There is an obvious problem in the accepted answer because the last coordinates that we can see are [539, 677]. Well, there is neither a green pixel at (539,677) nor at (677,539). The problem here is, that it checks if the condition is somewhere True in the RGB value. If only one value is True, then all the others are True as well.

def argwhere(pic, color):
    a = np.argwhere(pic == color)
    return np.delete(a, 2, 1)



exa2 = argwhere(pic=img, color=[0, 255, 0])
for e in exa2:
    if np.sum(img[e[0], e[1]]) != 255:
        print(img[e[0], e[1]])
# ....
# [0 0 0]
# [0 0 0]
# [0 0 0]
# [0 0 0]
# [0 0 0]
# [255 255 255]
# [255 255 255]
# [255 255 255]
# [255 255 255]
# [255 255 255]
# [255 255 255]
# ....

This week, I found out about Numexpr https://github.com/pydata/numexpr (thanks to Stackoverflow), and wrote a little function which is 5x faster than np.argwhere(image == [0,255,0]) and probably a 100 times faster than PIL. And what's even better: it checks all RGB values :)

import numexpr
import numpy as np


def search_colors(pic, colors):
    colorstosearch = colors
    red = pic[..., 0]
    green = pic[..., 1]
    blue = pic[..., 2]
    wholedict = {"blue": blue, "green": green, "red": red}
    wholecommand = ""
    for ini, co in enumerate(colorstosearch):
        for ini2, col in enumerate(co):
            wholedict[f"varall{ini}_{ini2}"] = np.array([col]).astype(np.uint8)
        wholecommand += f"((red == varall{ini}_0) & (green == varall{ini}_1) & (blue == varall{ini}_2))|"
    wholecommand = wholecommand.strip("|")
    expre = numexpr.evaluate(wholecommand, local_dict=wholedict)
    exa = np.array(np.where(expre)).T[::-1]
    return np.vstack([exa[..., 1], exa[..., 0]]).T


import cv2

path = r"C:\Users\Gamer\Documents\Downloads\jFDSk.png"
img = cv2.imread(path)
exa1 = search_colors(pic=img, colors=[(0, 255, 0)])
coords = exa1[np.where(np.max(exa1[..., 1]))[0]]
print(coords)
#array([[324,  66]], dtype=int64) 

It is blazing fast: (1 ms / Intel i5)

%timeit search_colors(pic=img, colors=[(0,255,0)])
1.05 ms ± 7.97 µs per loop (mean ± std. dev. of 7 runs, 1,000 loops each)

%timeit argwhere(pic=img, color=[0, 255, 0])
4.68 ms ± 63.6 µs per loop (mean ± std. dev. of 7 runs, 100 loops each)

Answer 2

def get_last_pixel(image, rgb):
    color_rows, color_cols = np.where((image[:, :, 0] == rgb[0]) & (image[:, :, 1] == rgb[1]) & (
        image[:, :, 2] == rgb[2]))  # Get coordinates of pixels wit the requested rgb value
    if len(color_rows) == 0:
        raise Exception("no pixels of the requested color")
    row_max = np.argmax(color_rows)  # Find the index of the biggest row
    pixel_coords = (color_rows[row_max], color_cols[row_max])
    return pixel_coords


example_input = cv2.imread("example_input.png")
last_green = get_last_pixel(example_input, (0, 255, 0))
example_output = cv2.circle(
    example_input, last_green[::-1], radius=5, color=(0, 0, 255), thickness=1)
cv2.imwrite("example_output.png", example_output)

Example input:

Example output:

Answer 3

Avoid loops, use numpy!

You can use numpy's argwhere(). The statement returns an array of coordinates where a certain condition is satified.

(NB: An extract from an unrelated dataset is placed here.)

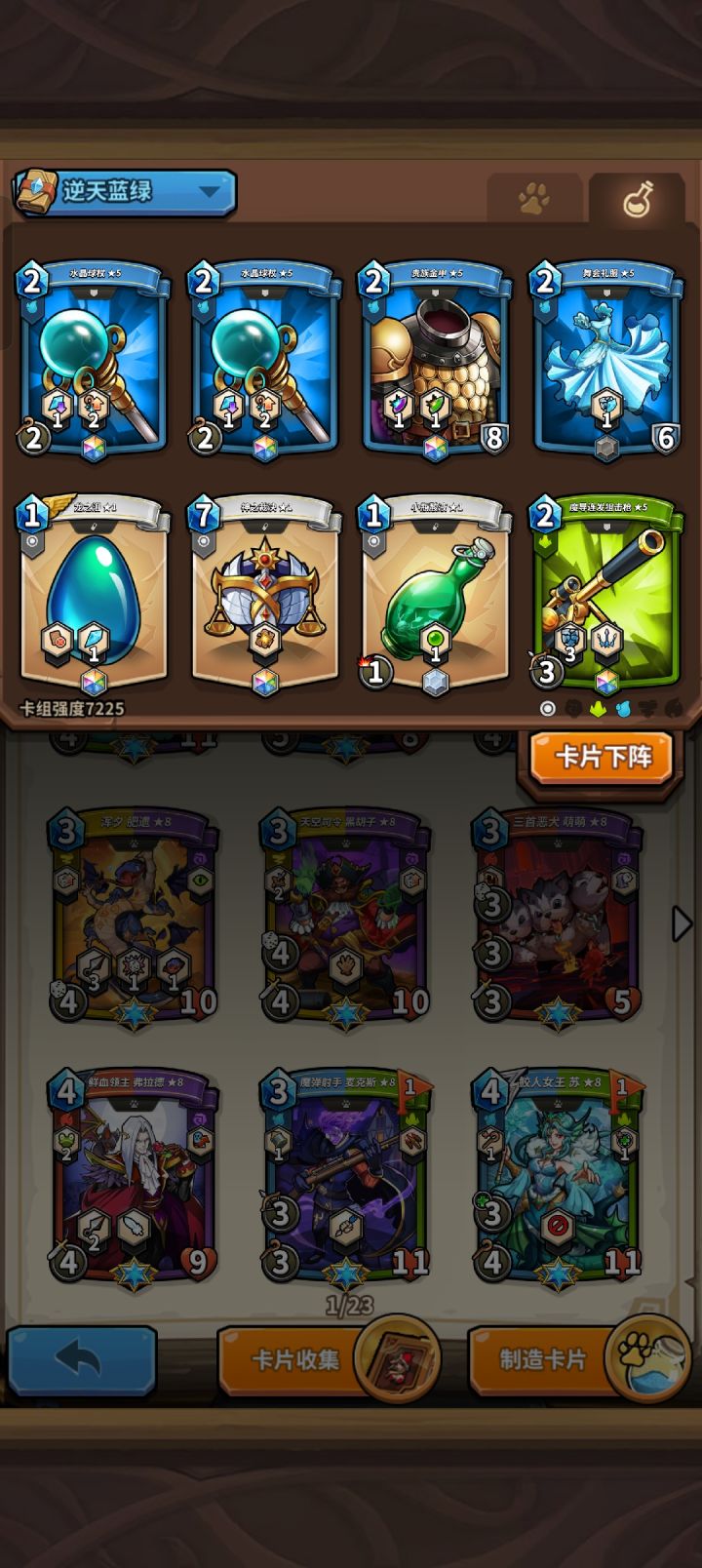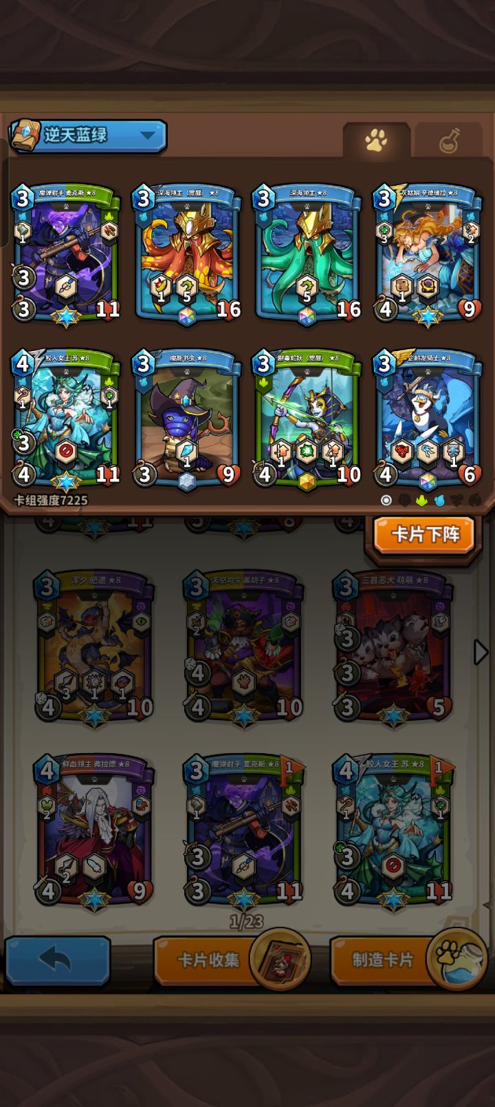 个人认为是目前蓝绿最优解,此卡组舍弃了猫姬,取而代之的是章鱼。目前环境猫姬站不住脚,且蓝绿格子太吃紧了。此卡组射手和法师可以看情况选择输出(经过一下午的评测,这卡组不太好处理青蛙应对其他卡组是有余力的)。欢迎各位高手评价

a = np.argwhere(image == [0,255,0])

# returns array a with three columns,
# since you need only the coordinates, you can delete the third column:
a = np.delete(a, 2, 1)  # delete third column in a

a would return following sample:

array([[  0,  18],
       [  0,  19],
       [  0,  21],
       ...,
       [539, 675],
       [539, 677],
       [539, 677]], dtype=int64)

The above returns coordinates where the green pixel values [0, 255, 0] are present.

Based on the returned coordinates, you can filter the ones closer to the bottom of the image.